Гоголь Николай Васильевич Во весь экран Вий (1900)

Приостановить аудио

Даже небольшой мальчишка, которого вся дворня почитала вправе уполномочивать вместо себя, когда дело шло к тому, чтобы чистить конюшню или таскать воду, даже этот бедный мальчишка тоже разинул рот.

В это время проходила мимо еще не совсем пожилая бабенка в плотно обтянутой запаске, выказывавшей ее круглый и крепкий стан, помощница старой кухарки, кокетка страшная, которая всегда находила что-нибудь пришпилить к своему очипку: или кусок ленточки, или гвоздику, или даже бумажку, если не было чего-нибудь другого.

— Здравствуй, Хома! — сказала она, увидев философа. 

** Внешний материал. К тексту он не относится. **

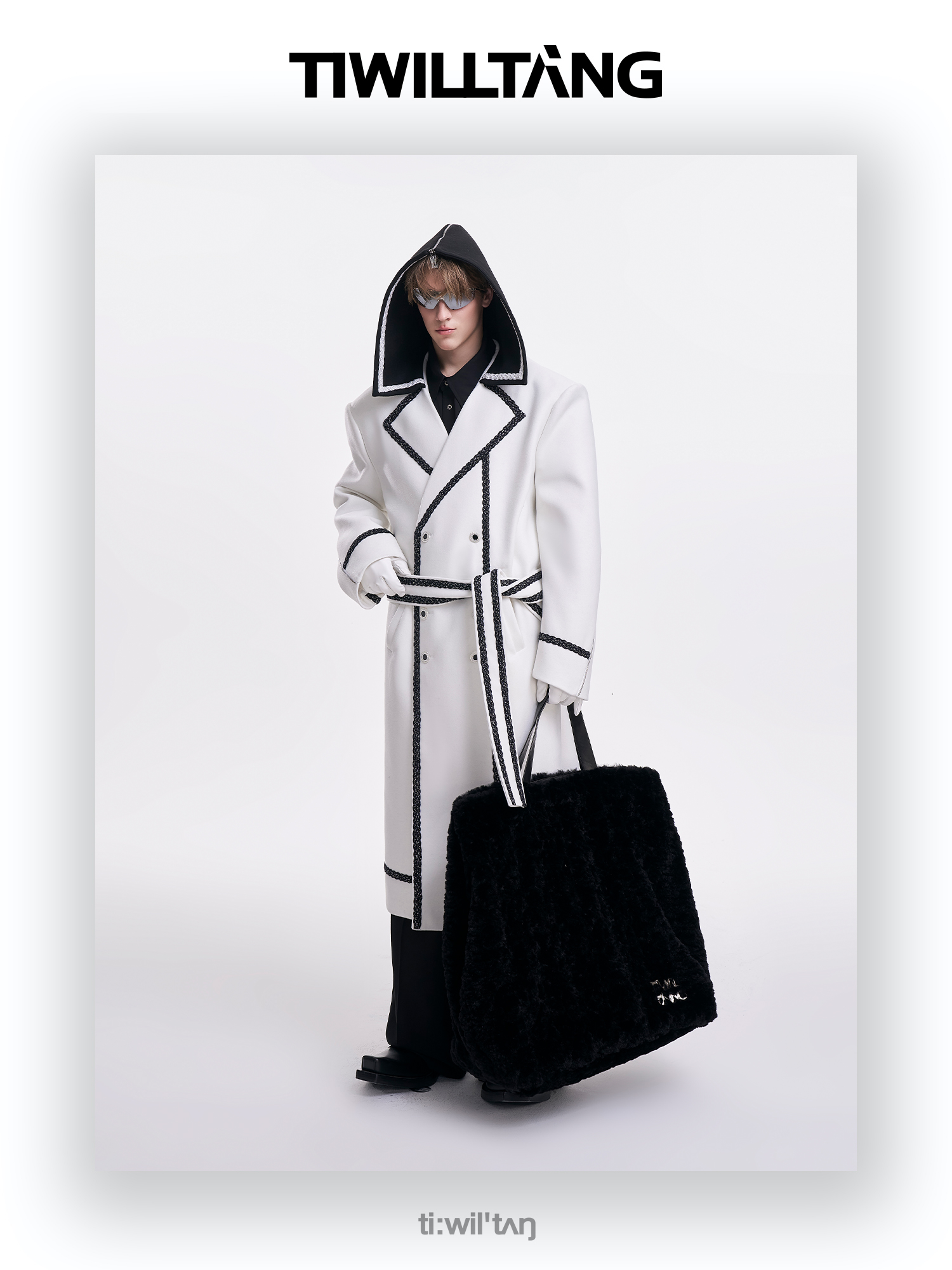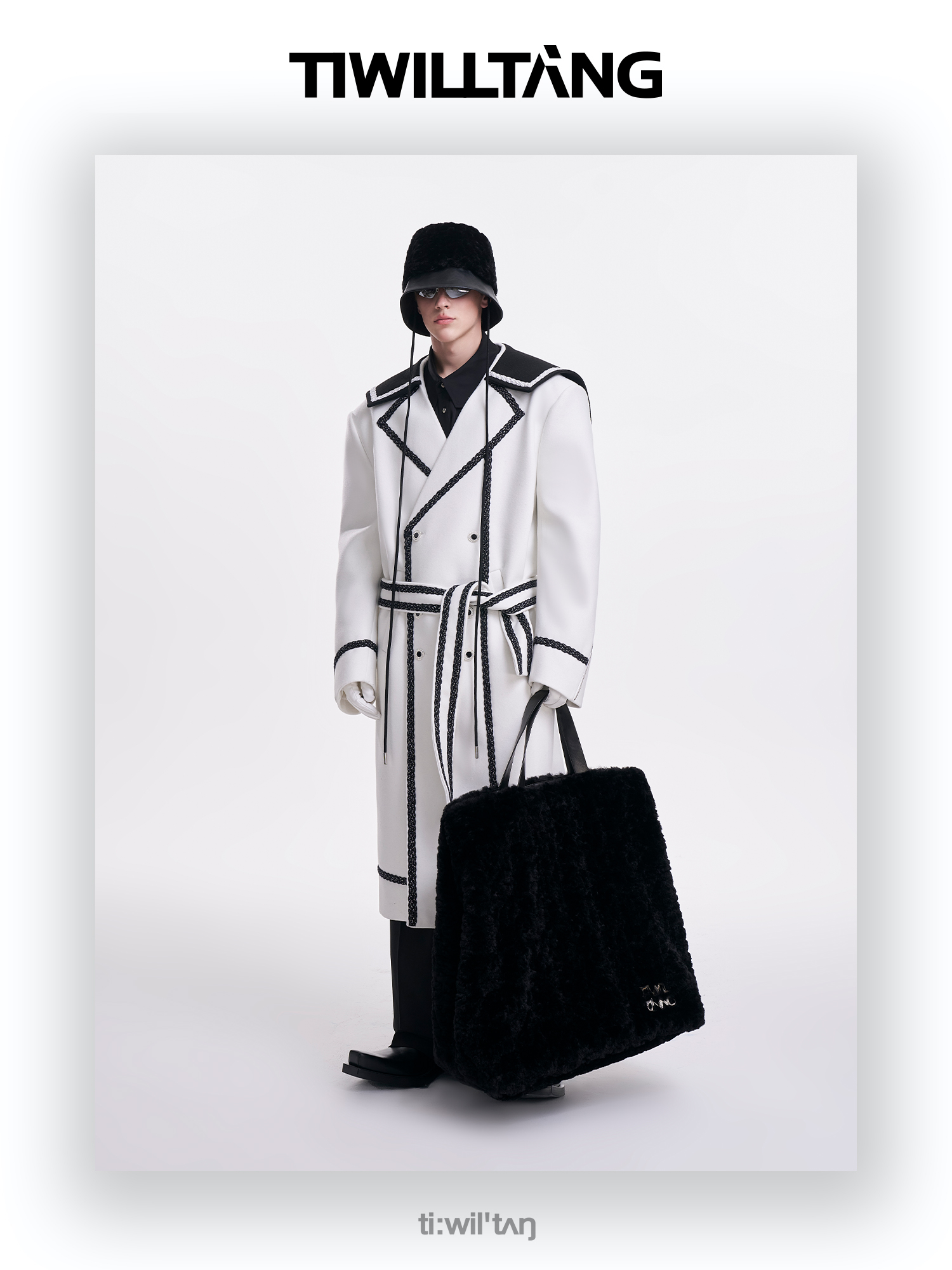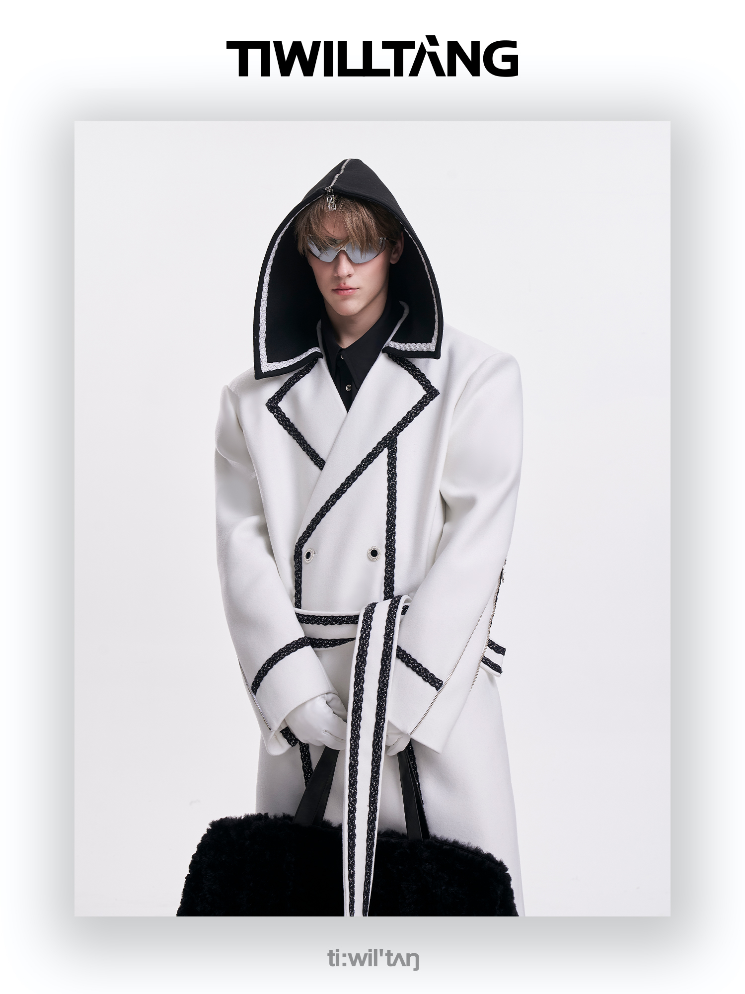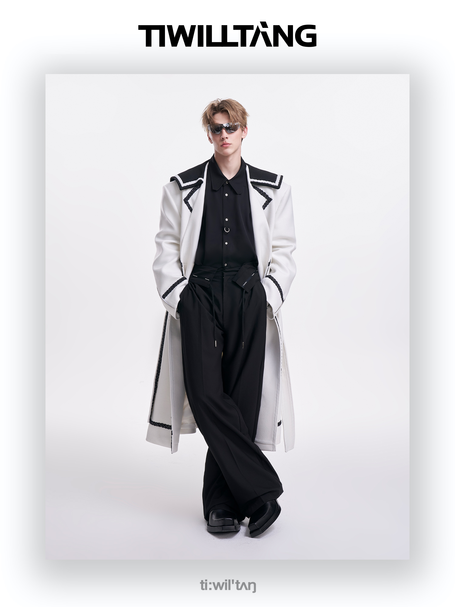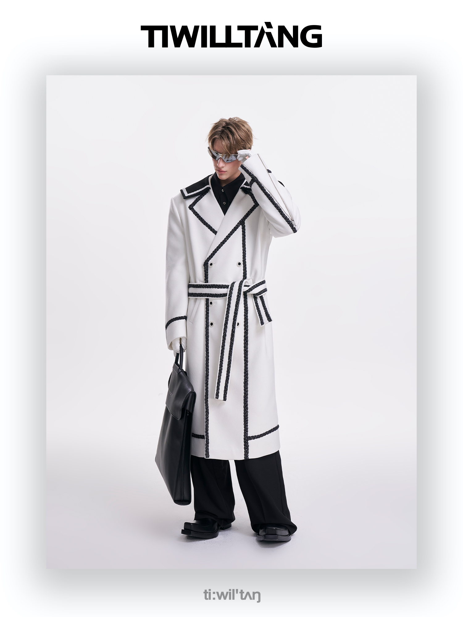 启世录TIWILLTANG“舷舢秩海”海军领拉链大衣冬长款收腰毛呢外套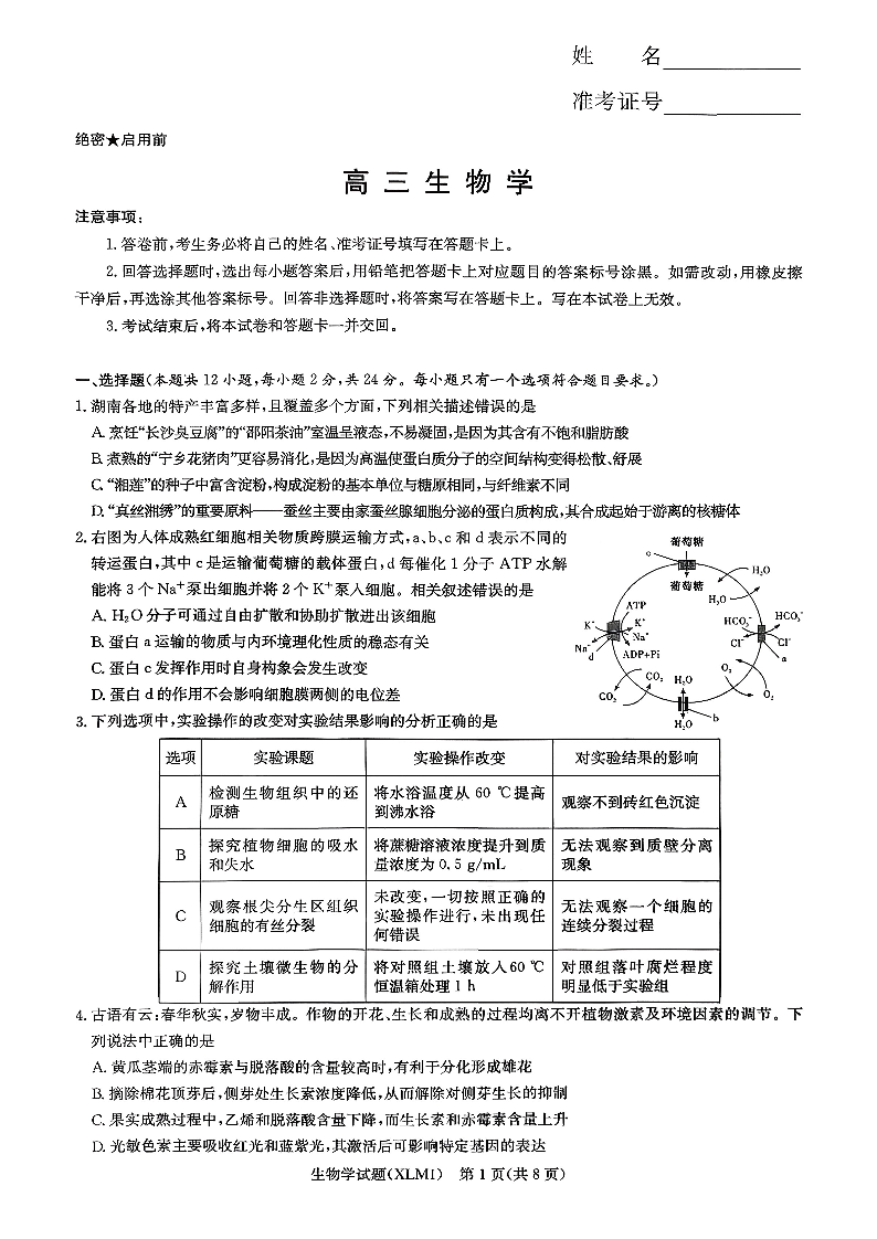 高三生物--湖南省新高考教学教研联盟(长郡二十校联盟)2026届高三下学期3月联考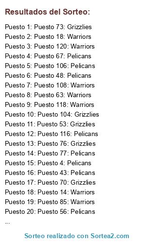 Lista de participantes: Puesto 1: Grizzlies, Puesto 2: Warriors, Puesto 3: Grizzlies, Puesto 4: Pelicans, Puesto 5: Warriors, Puesto 6: Pelicans, Puesto 7: Pelicans, Puesto 8: Warriors, Puesto 9: Warriors, Puesto 10: Grizzlies, Puesto 11: Warriors, Puesto 12: Warriors, Puesto 13: Grizzlies, Puesto 14: Warriors, Puesto 15: Pelicans, Puesto 16: Warriors, Puesto 17: Pelicans, Puesto 18: Warriors, Puesto 19: Warriors, Puesto 20: Grizzlies, Puesto 21: Warriors, Puesto 22: Pelicans, Puesto 23: Warriors, Puesto 24: Warriors, Puesto 25: Pelicans, Puesto 26: Grizzlies, Puesto 27: Grizzlies, Puesto 28: Warriors, Puesto 29: Grizzlies, Puesto 30: Pelicans, Puesto 31: Warriors, Puesto 32: Warriors, Puesto 33: Warriors, Puesto 34: Warriors, Puesto 35: Pelicans, Puesto 36: Grizzlies, Puesto 37: Pelicans, Puesto 38: Pelicans, Puesto 39: Warriors, Puesto 40: Grizzlies, Puesto 41: Warriors, Puesto 42: Warriors, Puesto 43: Pelicans, Puesto 44: Warriors, Puesto 45: Warriors, Puesto 46: Grizzlies, Puesto 47: Warriors, Puesto 48: Pelicans, Puesto 49: Warriors, Puesto 50: Pelicans, Puesto 51: Grizzlies, Puesto 52: Grizzlies, Puesto 53: Grizzlies, Puesto 54: Pelicans, Puesto 55: Grizzlies, Puesto 56: Pelicans, Puesto 57: Grizzlies, Puesto 58: Warriors, Puesto 59: Grizzlies, Puesto 60: Grizzlies, Puesto 61: Pelicans, Puesto 62: Warriors, Puesto 63: Warriors, Puesto 64: Warriors, Puesto 65: Warriors, Puesto 66: Pelicans, Puesto 67: Pelicans, Puesto 68: Warriors, Puesto 69: Warriors, Puesto 70: Grizzlies, Puesto 71: Grizzlies, Puesto 72: Warriors, Puesto 73: Grizzlies, Puesto 74: Pelicans, Puesto 75: Warriors, Puesto 76: Grizzlies, Puesto 77: Pelicans, Puesto 78: Warriors, Puesto 79: Grizzlies, Puesto 80: Warriors, Puesto 81: Warriors, Puesto 82: Warriors, Puesto 83: Warriors, Puesto 84: Pelicans, Puesto 85: Warriors, Puesto 86: Grizzlies, Puesto 87: Grizzlies, Puesto 88: Grizzlies, Puesto 89: Warriors, Puesto 90: Pelicans, Puesto 91: Warriors, Puesto 92: Warriors, Puesto 93: Pelicans, Puesto 94: Warriors, Puesto 95: Warriors, Puesto 96: Warriors, Puesto 97: Warriors, Puesto 98: Warriors, Puesto 99: Pelicans, Puesto 100: Warriors, Puesto 101: Warriors, Puesto 102: Warriors, Puesto 103: Grizzlies, Puesto 104: Grizzlies, Puesto 105: Warriors, Puesto 106: Pelicans, Puesto 107: Warriors, Puesto 108: Warriors, Puesto 109: Pelicans, Puesto 110: Warriors, Puesto 111: Warriors, Puesto 112: Pelicans, Puesto 113: Pelicans, Puesto 114: Warriors, Puesto 115: Pelicans, Puesto 116: Pelicans, Puesto 117: Grizzlies, Puesto 118: Warriors, Puesto 119: Warriors, Puesto 120: Warriors, Puesto 121: Grizzlies, Puesto 122: Grizzlies, Puesto 123: Grizzlies, Puesto 124: Grizzlies, Puesto 125: Warriors, Puesto 126: Grizzlies, Puesto 127: Warriors, Puesto 128: Warriors, Puesto 129: Grizzlies, Puesto 130: Warriors, Puesto 131: Grizzlies, Puesto 132: Warriors, Puesto 133: Warriors, Puesto 134: Warriors, Puesto 135: Warriors, Puesto 136: Grizzlies, Puesto 137: Warriors, Puesto 138: Pelicans, Puesto 139: Grizzlies, Puesto 140: Grizzlies.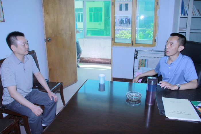 渠县国土资源局党委书记、局长张思伟(右)在宝城调研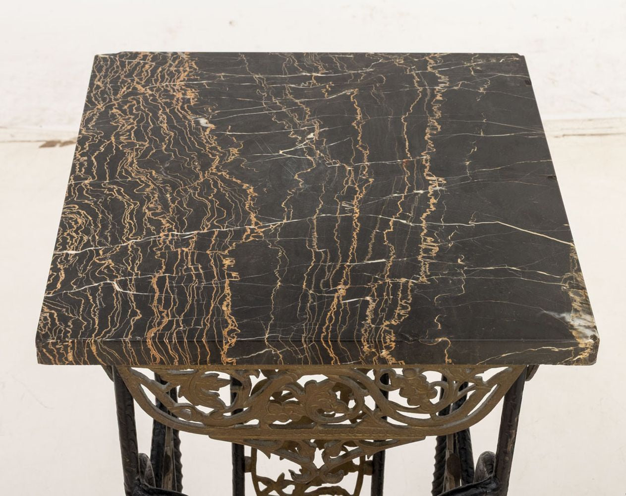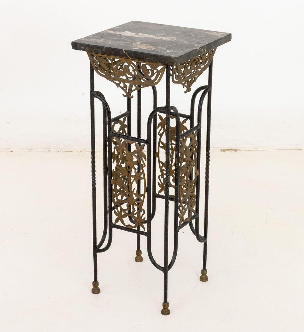 Pair of Wrought Iron Marble Top Pedestals in the Style of Edgar Brandt, with square nero portoro marble tops above pierced brass floral panel and four twist form legs on circular feet. 34" H x 14" W x 14" D. Provenance: From a Cobble Hill, Brooklyn Collection. Keywords: European Furniture Furniture, Side table, Display table, Plant stand, Metalwork, Occasional table, Continental, Interior design, Decorative Arts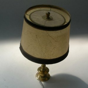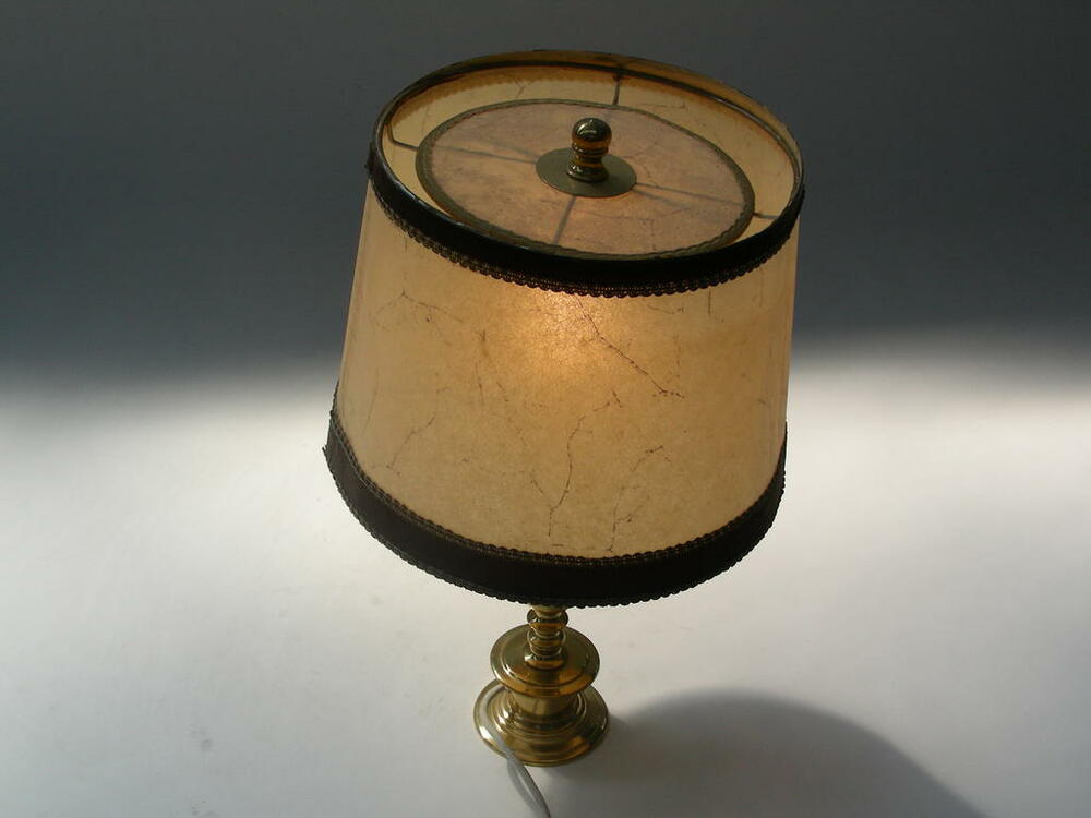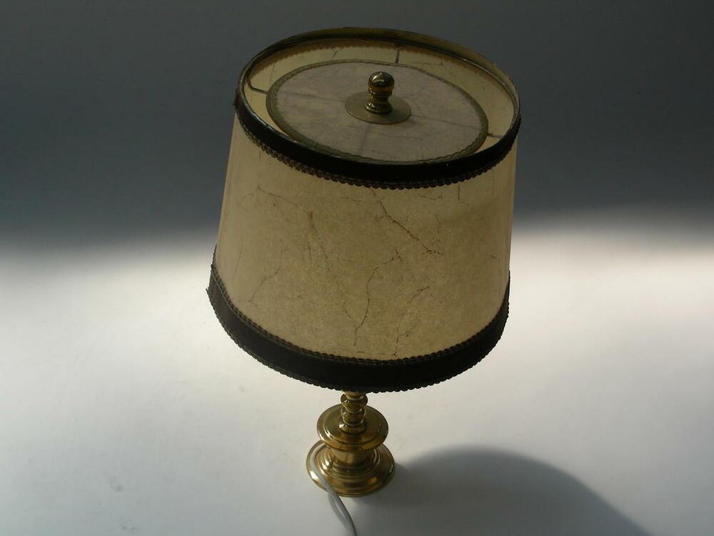 Tischleuchte, Messingfuß, Stoffschirm, Borte

— Ай-ай-ай! что это с тобою? — вскричала она, всплеснув руками.

— Как что, глупая баба?

— Ах, боже мой!

Да ты весь поседел!

— Эге-ге! Да она правду говорит! — произнес Спирид, всматриваясь в него пристально. 

— Ты точно поседел, как наш старый Явтух.

Философ, услышавши это, побежал опрометью в кухню, где он заметил прилепленный к стене, обпачканный мухами треугольный кусок зеркала, перед которым были натыканы незабудки, барвинки и даже гирлянда из нагидок, показывавшие назначение его для туалета щеголеватой кокетки.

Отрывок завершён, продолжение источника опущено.